TASK REQUIREMENTS - Nothing outside the range is to be copied. From the entries below, reproduce exactly the lines starting at the one with "Рис.15. Членство в" and ending at the one with "위의 퍼셉트론에서는 Sign", without pictures.

DATA LISTING -
- Opening Delimiter -

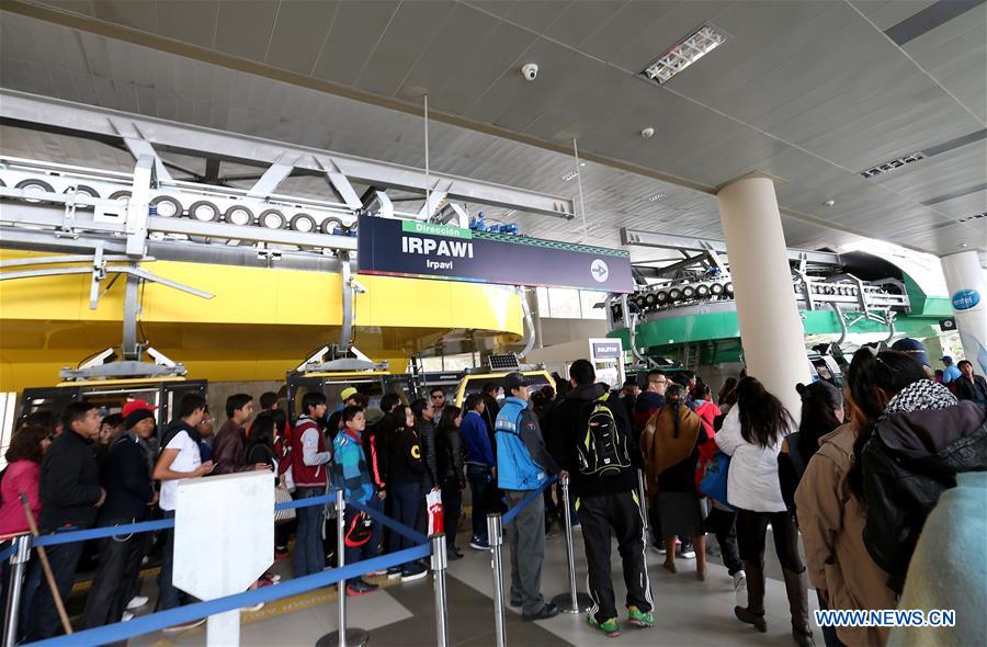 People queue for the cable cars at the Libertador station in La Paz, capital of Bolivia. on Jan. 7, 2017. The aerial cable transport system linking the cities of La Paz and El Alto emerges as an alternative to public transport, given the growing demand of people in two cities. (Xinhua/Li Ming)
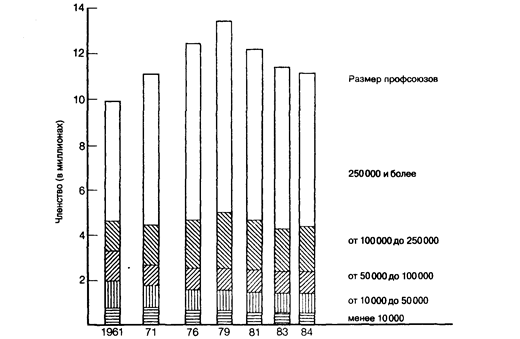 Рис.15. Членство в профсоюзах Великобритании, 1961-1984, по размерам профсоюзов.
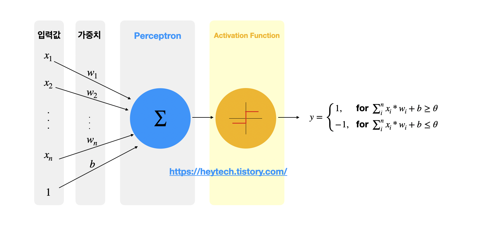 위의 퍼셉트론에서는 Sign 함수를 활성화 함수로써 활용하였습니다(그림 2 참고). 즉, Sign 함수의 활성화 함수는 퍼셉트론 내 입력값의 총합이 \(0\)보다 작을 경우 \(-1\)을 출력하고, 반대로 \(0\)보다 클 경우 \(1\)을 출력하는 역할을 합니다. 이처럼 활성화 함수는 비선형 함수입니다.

- Closing Delimiter -
- Opening Delimiter -

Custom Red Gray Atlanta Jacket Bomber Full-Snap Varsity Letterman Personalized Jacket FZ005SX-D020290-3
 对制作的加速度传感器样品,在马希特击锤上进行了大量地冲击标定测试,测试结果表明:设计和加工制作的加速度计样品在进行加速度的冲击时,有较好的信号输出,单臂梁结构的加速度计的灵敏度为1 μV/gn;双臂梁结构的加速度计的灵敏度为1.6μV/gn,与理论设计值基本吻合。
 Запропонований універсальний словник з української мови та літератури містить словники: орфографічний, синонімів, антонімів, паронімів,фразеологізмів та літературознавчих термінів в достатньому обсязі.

- Closing Delimiter -

ANSWER AREA -
 Рис.15. Членство в профсоюзах Великобритании, 1961-1984, по размерам профсоюзов.
 위의 퍼셉트론에서는 Sign 함수를 활성화 함수로써 활용하였습니다(그림 2 참고). 즉, Sign 함수의 활성화 함수는 퍼셉트론 내 입력값의 총합이 \(0\)보다 작을 경우 \(-1\)을 출력하고, 반대로 \(0\)보다 클 경우 \(1\)을 출력하는 역할을 합니다. 이처럼 활성화 함수는 비선형 함수입니다.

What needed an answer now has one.